If the resulting integer is to be a cube, it has to be congruent to 0, 1 or 8 (mod 9).

However, any concatenation of the integers 1 to n is congruent to the sum of the integers 1 to n, or n(n+1)/2 (mod 9).

This gives the requirement that n be congruent to 0, 1, 4, 7, or 8 (mod 9). (No number n(n+1)/2 is congruent to 8 (mod 9).)
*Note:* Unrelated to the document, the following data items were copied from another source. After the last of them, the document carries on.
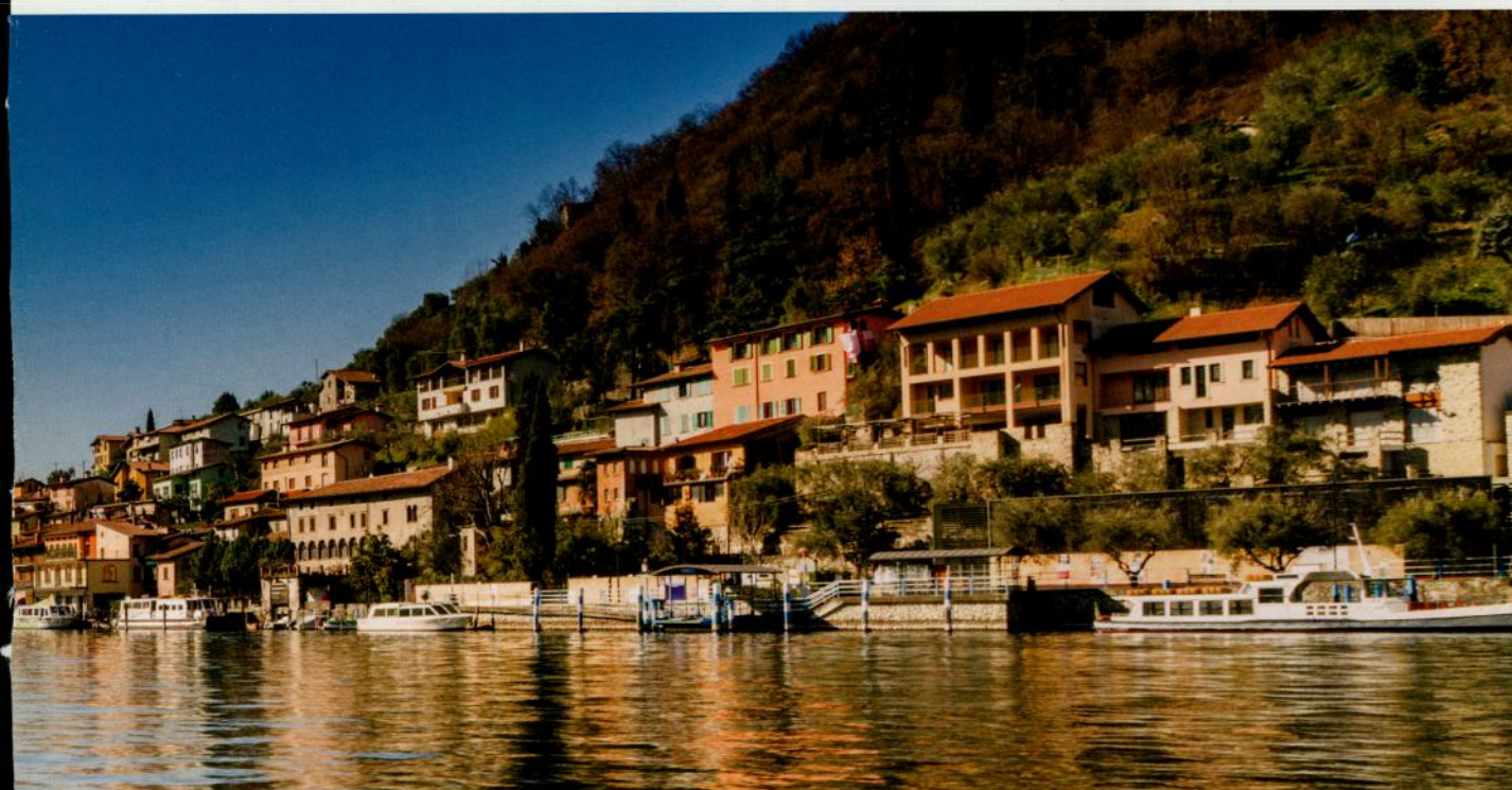
All photography courtesy of Consorzio Franciacorta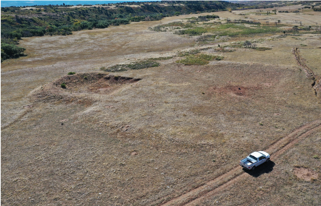
Photo 5. 2021 Drone aerial photo facing southeast toward the location disturbance which is approximately 1.3 acres.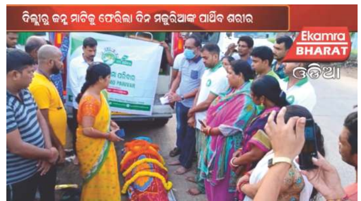
Mortal remains received by Odisha Mo Parivar: Covered by Ekamra Bharat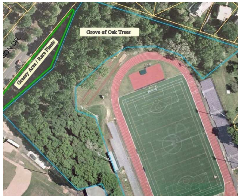
Aerial view of the green space at Wakefield High School

The Wakefield woods and grassland present a wonderful opportunity for joint use for educational and community purposes. In addition to their use for passive recreation that could be enjoyed by the public, the stand of oaks, red maples, and sycamores and the rare plant community could serve as a valuable resource for biology and environmental science classes. Preserving these trees and other plants would further Arlington environmental initiatives and could be regarded as a model of environmental protection during school construction. The oak grove provides a buffer between George Mason Drive and the school

This is of course only a "constant factor" thing. I find the argument persuasive that, when n is "large enough" (and the possibility of cubes is not ruled out by congruences etc) then there will very likely be cubes among the "concatenated permuted" integers 1 to n.

I find the argument similarly persuasive for higher powers.

I'd call the question an "open question" rather than a "Conjecture." It's a numerical curiosity, but AFAIK does not have any theoretical significance.
I agree, the "Conjecture 1" name comes from the preprint and the OEIS sequence A353025, but I'll clarify this in the new version which I'm going to update in a couple of weeks (at most).
BTW, we still have a more interesting question to answer:
"Is Kashihara's Conjecture true according to the same probabilistic argument?".
Here is the probabilistical upper bound which I have found for the existence of a perfect power belonging to A001292 (Kashihara's Conjecture says that no term of A001292 which is above 1 can be a perferct power); knowing that the smallest counterexample have necessarily to be above 10^1235 we have:

2*(sum(k=2, infinity)(sum(j=308, infinity)((((10^((j*4+3)/k)) - 10^((j*4+2)/k))/(9*10^(j*4+2)))*(j*4+3)))),

since 308*4+3=1235 (we need to add at least 4 digits to go from A001292(n) to A001292(n+j*4+3)), while I am not sure about the *2 factor which is just an upper bound that I've added in order to take into account the increased chance that the set of the circular permutations of 1_2_3_4_..._447_448 contains any perfect power (i.e., digital root(123...447448)=1, so that its chance should be 9/5 times higher than the expected perfect square ratio in [10^1235, 10^1236-1]).

Now, if the given probabilistic bound holds/is correct, we have that


2*(sum(k=2, infinity)(sum(j=308, infinity)((((10^((j*4+3)/k)) - 10^((j*4+2)/k))/(9*10^(j*4+2)))*(j*4+3)))) is roughly (2/9)*(sum(j=308, infinity)((((10^((j*4+3)/2)) - 10^((j*4+2)/2)/(10^(j*4+2)))*(j*4+3)))) < 10^(-1000000000)

and this would make Kashihara's conjecture 99.9999...% true, even if it is still waiting for a formal proof.

My concern is about the sequences A001292 and A352991:
Let A001292 or A352991 be given and assume that we select the string 123...m such that 123...m==1(mod 9). Is there a more accurate way to estimate the provided multiplicative factor for any given integer value of the exponent (i.e., charybdis wrote that it would be 6 if we take into account the permutations of 1_2_3_..._42_43 following the A232991 permutation rule, but I cannot understand how this value can be determined, since there are 3 out of 9 congruence classes (modulo 9) such that the digital root of 123...m is 1)?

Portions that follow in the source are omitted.